The discontinuance without prejudice of the County Court action did not estop plaintiff from reasserting its claim for the debt owed. The discontinuance was without prejudice, a new action was promptly commenced and a judgment was entered. Debtor and Creditor Law § 278 does not require that a debt be reduced to a judgment prior to it being recognized as a debt. Clearly, the debt was the subject of litigation at the time of the conveyance and thereby constituted a contingent legal liability. Defendant's acts in conveying the property and dissolving the corporate defendant without giving notice to its creditors was a blatant attempt to deprive the plaintiff of a source of collection which will not be tolerated by this court.
Two additional facts are significant to the ultimate resolution of this matter. First, there was no evidence that defendant CMG had any knowledge at the time of the conveyance of the plaintiff's claim. Second, it appears that during the pendency of this action, and without notice to the court, defendant Zweibach sold her interest in the mortgage she received from CMG to a person not a party to this action.

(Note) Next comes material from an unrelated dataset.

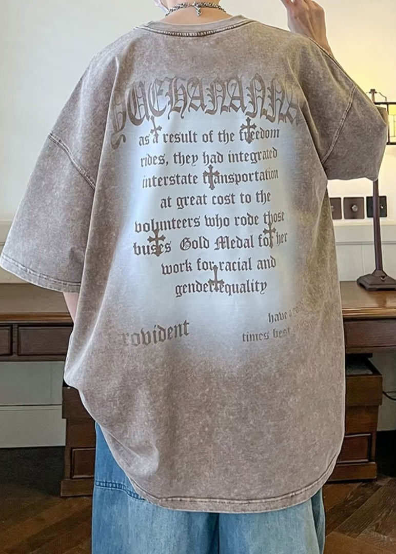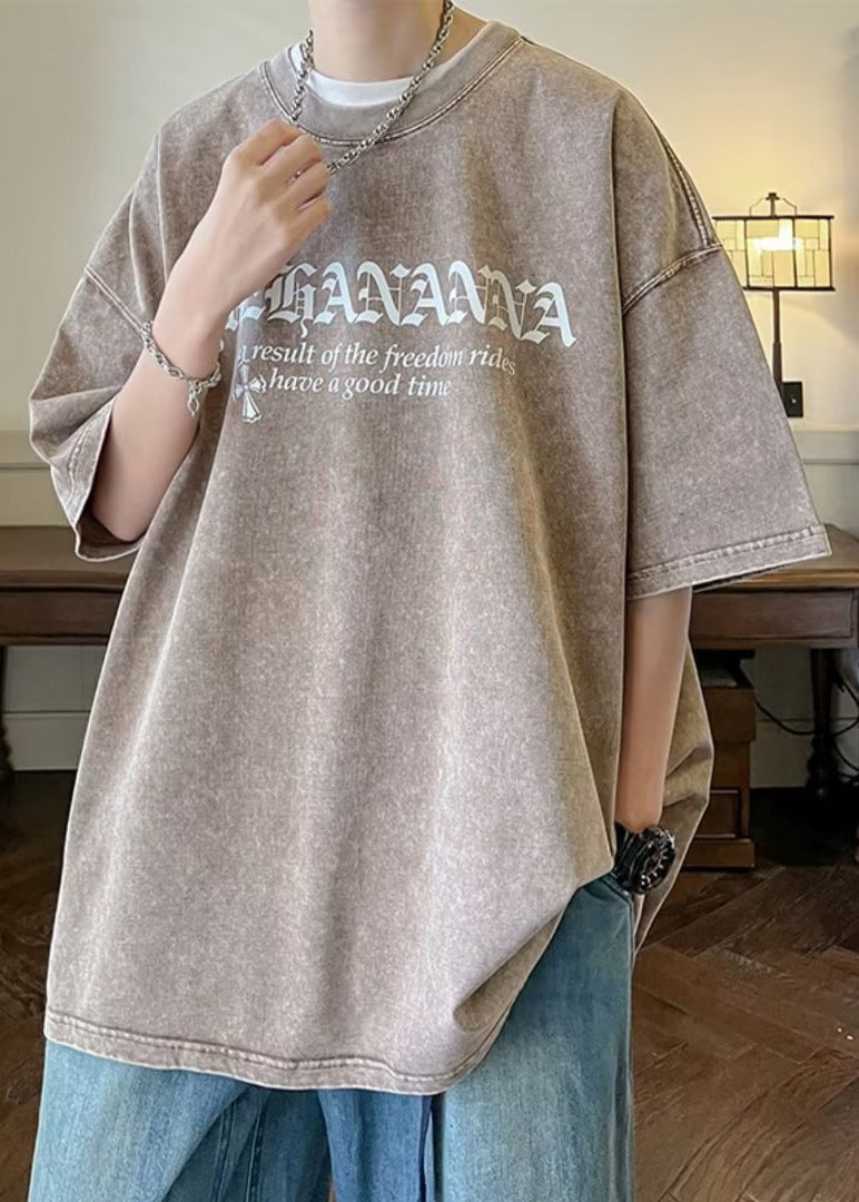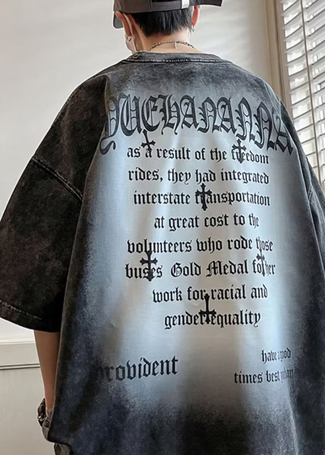 Vintage Black Letter Cotton Men's T Shirts O Neck Half Sleeve

These facts preclude this court from rendering any judgment against CMG and further persuade the court that it is inappropriate to order CMG to make payments to plaintiff. Such payments, if ordered would only serve to put CMG in default of the mortgage obligations to the assignee and the facts indicate that neither CMG nor the assignee committed or participated in any wrongdoing. Furthermore, the facts demonstrate that plaintiff already has a judgment against Mitlin and, therefore, a further judgment against Mitlin is inappropriate and otherwise meaningless in light of the prior dissolution of said corporation.
The fraudulent conveyance was orchestrated by and inured to the sole benefit of defendant Zweibach and she alone must bear the ultimate responsibility.
Therefore, and in accordance with the above, judgment is entered against defendant Zweibach in the amount of $8,682.72, plus costs and interest from May 16, 1985.
Judgment is entered for the defendant CMG Holding Corp. dismissing the complaint.